3. The first complaint made by the Plaintiffs herein is that their First Amendment rights of freedom of speech and assembly were violated by the BCC officials and that they were punished for exercising said rights. Although it is without doubt that students enjoy First Amendment rights, it is equally clear that those rights do not allow students to "materially and substantially interfere with the requirements of appropriate discipline in the operation of the school." Burnside v. Byars, 363 F.2d 744 (5th Cir. 1966); Tinker v. Des Moines School Dist., 393 U.S. 503, 89 S. Ct. 733, 21 L. Ed. 2d 731 (1968). The Plaintiffs created a substantial and material interference with the operations of BCC on March 9, 1978, by forcing the cancellation of several classes and the ultimate closing of the gymnasium. Such action was not protected by the First Amendment.

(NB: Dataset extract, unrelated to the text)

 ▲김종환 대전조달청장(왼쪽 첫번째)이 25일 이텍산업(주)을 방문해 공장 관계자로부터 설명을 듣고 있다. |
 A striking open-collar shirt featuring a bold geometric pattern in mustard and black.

4. The Plaintiffs also allege that the procedures implemented by the Defendants in the course of the disciplinary proceedings were constitutionally defective in a number of respects. It is contended by the Plaintiffs that they did not receive prior notice of the hearing, the nature of the charges and the evidence and witnesses that would be used against them. They further contend that they were denied the right to counsel and the right to cross-examination. The Plaintiffs also contend that they were denied their right to remain silent and were punished for asserting their right to remain silent. This Court finds that the findings of fact previously made refute such allegations.

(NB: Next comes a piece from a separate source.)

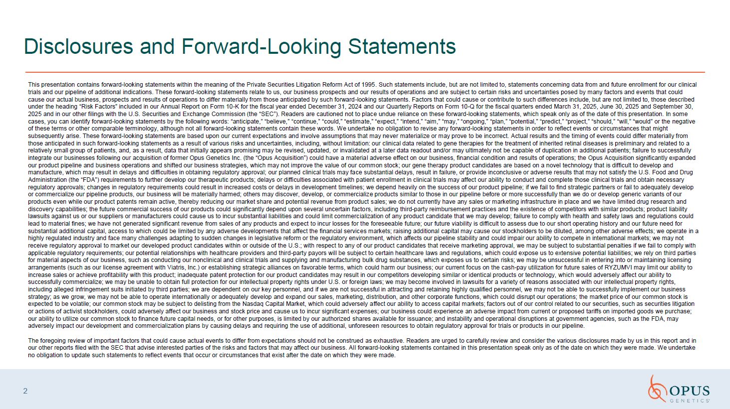 advantage in target IRDs Gene therapy programs target a potential $15 Billion+ U.S. sNDA submitted for partnered presbyopia treatment Financials Ticker: IRD Pro-forma cash & equivalents as of 9/30/2025: ~$54 million (including $23

5. There is no doubt that in a situation such as the present case, where students face the possibility of suspension or expulsion from a state-supported school, account must be taken of the Due Process Clause. Goss v. Lopez, 419 U.S. 565, 95 S. Ct. 729, 42 L. Ed. 2d 725 (1974). "Once it is determined that due process applies, the question remains what process is due." Morrissey v. Brewer, 408 U.S. 471 at 481, 92 S. Ct. 2593, 2600, 33 L. Ed. 2d 484. It has long been the rule that the concept of due process is a very flexible one which must be examined in light of the facts of each individual case. Goss v. Lopez, supra; Cafeteria Workers v. McElroy, 367 U.S. 886, 81 *558 S.Ct. 1743, 6 L. Ed. 2d 1230 (1961); Mullane v. Central Hanover Trust Co., 339 U.S. 306, 70 S. Ct. 652, 94 L. Ed. 865 (1950). "Basic fairness and integrity of the fact finding process are the guiding stars." Burnside v. Byars, supra.

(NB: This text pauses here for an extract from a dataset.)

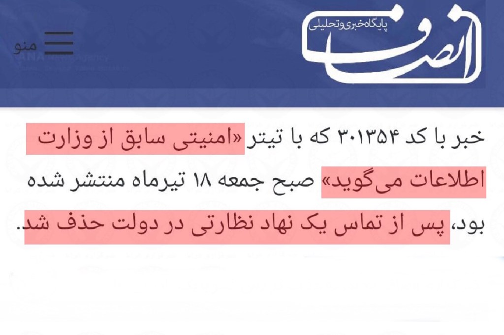 امروز جمعه ۱۸ تیرماه، سایت خبری انصافنیوز نوشته که پس از تماس “یک نهاد نظارتی در دولت” مجبور به حذف گزارش مصاحبه با یک «کارمند سابق وزارت اطلاعات» شده است.

6. The rights to notice and a hearing before expulsion from a tax-supported college were first secured in the Fifth Circuit in Dixon v. Alabama State Board of Education, 294 F.2d 150 (5th Cir. 1961), cert. den., 368 U.S. 930, 82 S. Ct. 368, 7 L. Ed. 2d 193. After holding that notice and a hearing were required, the Court sets out the requirements of due process in such a case. Those requirements are:
(a) a statement in the notice of the specific charges and grounds which, if proven, would justify expulsion under the college's regulations.
(b) a hearing which (in the case of a charge of misconduct) "gives the Board or the administrative authorities of the college an opportunity to hear both sides in considerable detail . . .. This is not to imply that a full-dress judicial hearing, with the right to cross-examine witnesses, is required." Dixon, supra, at 159.
(c) "the names of the witnesses . . . and an oral or written report on the facts to which each witness testifies." Dixon, supra, at 159 (emphasis supplied).
(d) the opportunity to present a defense including either oral testimony or written affidavits.
(e) "If the hearing is not before the Board directly, the results and findings of the hearing should be presented in a report open to the student's inspection. If these rudimentary elements of fair play are followed in a case of misconduct of this particular type, we feel that the requirements of due process of law will have been fulfilled." Dixon, supra, at 159.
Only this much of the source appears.